Thanks to All & keep fighting the Good Fight People!
-God Bless Us All-

Stonedwoodsman.....4 days and counting...


----------



## trillions of atoms (Jun 16, 2014)

You might serve 6 months...here is 2 for 1 due to overcrowding.  1 day served =2.

im sorry for your situation but dont be scared. Bubba likes the young pretty guys. 

Not poking fun just letting you know that everything happens for a reason and when one door closes a window opens. 

Your unfortunately a victim of circumstance.

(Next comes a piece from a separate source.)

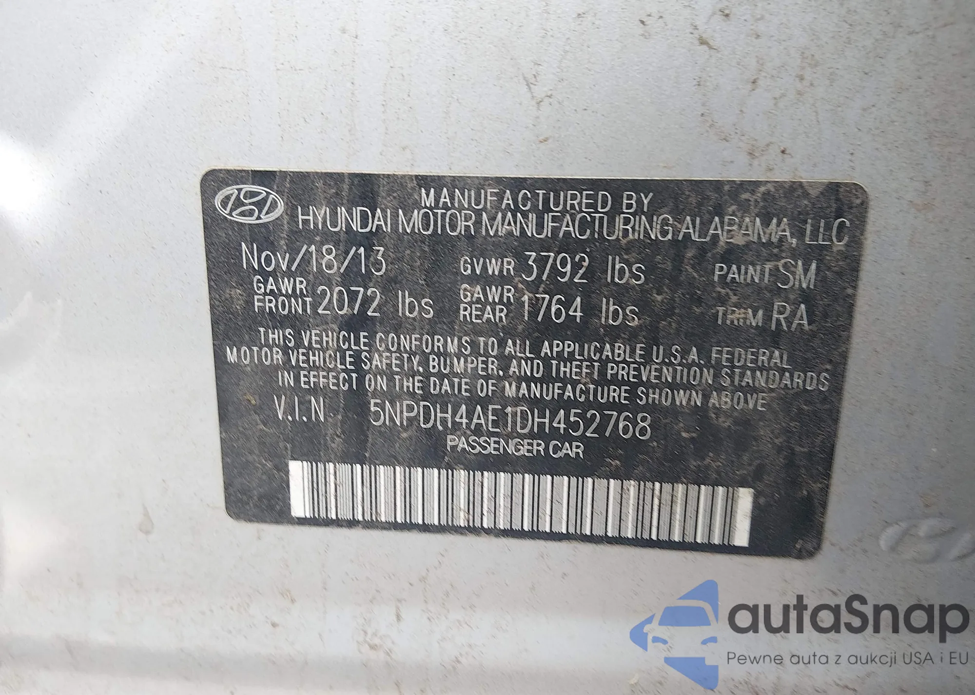 VIN: 5NPDH4AE1DH452768

good luck in the can- you will be out in a blink!


----------



## stonedwoodsman (Jun 16, 2014)

trillions of atoms said:


> You might serve 6 months...here is 2 for 1 due to overcrowding. 1 day served =2.
> 
> im sorry for your situation but dont be scared. Bubba likes the young pretty guys.
> 
> ...


***************************************************
  Your kind words made me feel a little better....six months sounds alot better than 12 months!
  I hope your "out-in-a-Blink" holds true, Brother!

Thank You!

CTwoodnutt


----------



## Hackerman (Jun 16, 2014)

You might check into this. Find out if it's common in your state. Have your attorney ask the judge about it.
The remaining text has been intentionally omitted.